Of course, the obvious problem with a lit cigarette is the potential to burn someone, or to start a fire. Fall asleep while smoking, or unknowingly light up around a natural gas leak, and that is all it takes to start a disastrous fire. Cigarette smoke itself, though, also creates dangerous and life-threatening concerns for children- or anyone around a smoker, to be completely honest. Secondhand smoke, as it has come to be called, emits consistently while a cigarette is lit.
There are two types of smoke cigarettes produce: mainstream and sidestream. Mainstream smoke is what smokers exhale into the air. Sidestream smoke, though, is made up of the fumes that actually come off the end of the lit cigarette itself. In the next room, in the same building, or even outside, lingering cigarette smoke can affect anyone around. The known effects of secondhand smoke have led to strict regulation and prohibition of smoking in many public spaces.
Air
Indoor bans on smoking drive people to smoke outdoors. But, as we already noted, smoke does not simply dissipate into nothing as it fades. In fact, studies show that cigarettes are a major contributor to climate change, impact the ozone layer, and add dangerous carcinogens to the air around us. For example, cigarettes produce nitrogen oxide.
Nitrogen oxide is a leading contributor to urban smog formation. Think, then, of concentrated smokers in metropolitan areas, and the amount of smoking they do. Now, consider that more smokers instead take their habits outdoors into open areas, and how much that adds to the already horrible smog problems in cities like Beijing or Los Angeles.
VAPES
There are alternatives to the destructive and dangerous practices of the tobacco industry. E-cigarettes and vapes are not without their own potential risks. However, compared to the myriad deadly factors involved in the growth, production, and distribution of tobacco products, vapes are relatively harmless.
Vape products are sustainable in a way cigarettes never could be. When people invest in a mod or an e-cigarette device, those devices last for a lot of years. Exceptions like disposable e-cigarettes and pod vapes, unfortunately, are also made of harmful plastics and metals. The components also cause substantial environmental damage when thrown out.
The benefits of a good open system are worth it. Sustainability of the technology itself is only the start. Open system mods with tanks are rechargeable, instead of disposable. Vapor has no impact on the air around users and bystanders. Vapor from mods dissipates completely from the air after about 30 seconds.

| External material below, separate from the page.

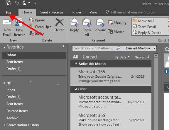 4. Posta kutusunu bulun ve etkilenen klasöre, örneğin Gelen kutusuna veya gönderilen öğelere gidin.
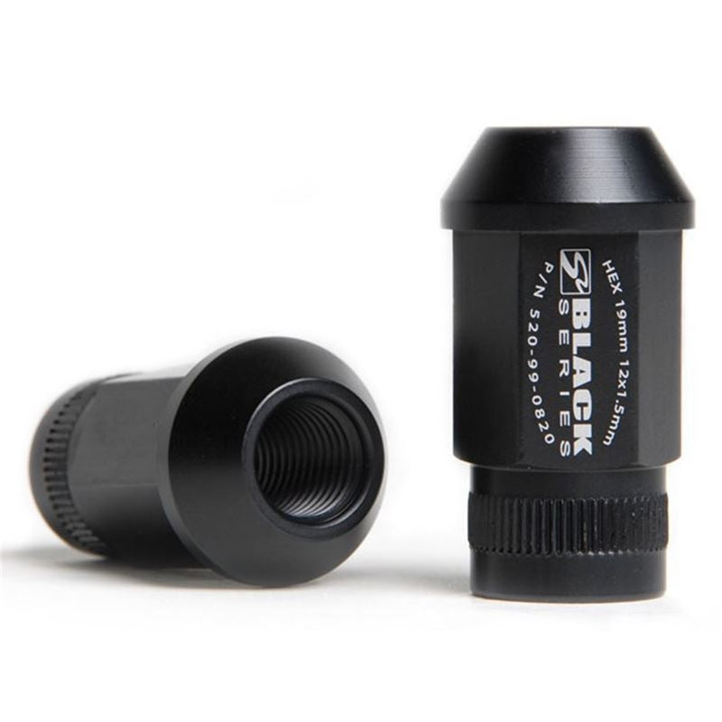 Forged 7075 Aluminum 12mm x 1.50 Open End Lug Nut w/60deg. Seat-Compatible w/Extended Studs-Black Anodized. Forged from ultra-strong 7075 aluminum, Skunk2's Black Series Lug Nuts for most Hondas and Acuras, Mitsubishis, Scions, and Toyotas feature knurled ends for maximum grip, hard anodizing for superior corrosion resistance, and an attractive black finish. Skunk2's lightweight Lug Nuts have also been proven on the race track for nearly a decade so you can be assured of both quality and longevity. Weighing in at a lightweight, industry-leading 23.5g, Skunk2 Lug Nuts help reduce unsprung weight but without compromising strength. Each lug nut also features a perfectly tapered end for maximum wheel-to-lug contact as well as durable threads for added longevity.

Vape juice contains only a few chemicals, and its nicotine synthetic. Studies on the long term effects of vape compounds are ongoing. Preliminary evidence, however, suggests that vapor has minor impact on the body, if any. The Royal College of Physicians, the very same authority that found cigarettes as harmful as we know them to be today, deemed vape use 95% safer by all measures.
CONCLUSION
Nicotine addiction is a serious and life-threatening problem for smokers and all those around them. Further, smoking is harmful for the environment, animals, and the delicate balance of the ecosystems of the world. Tobacco companies put the onus on consumers, period. They accept no responsibility for their deadly practices. They also accept no blame for their persistent chemical ingredients – that never leave the earth.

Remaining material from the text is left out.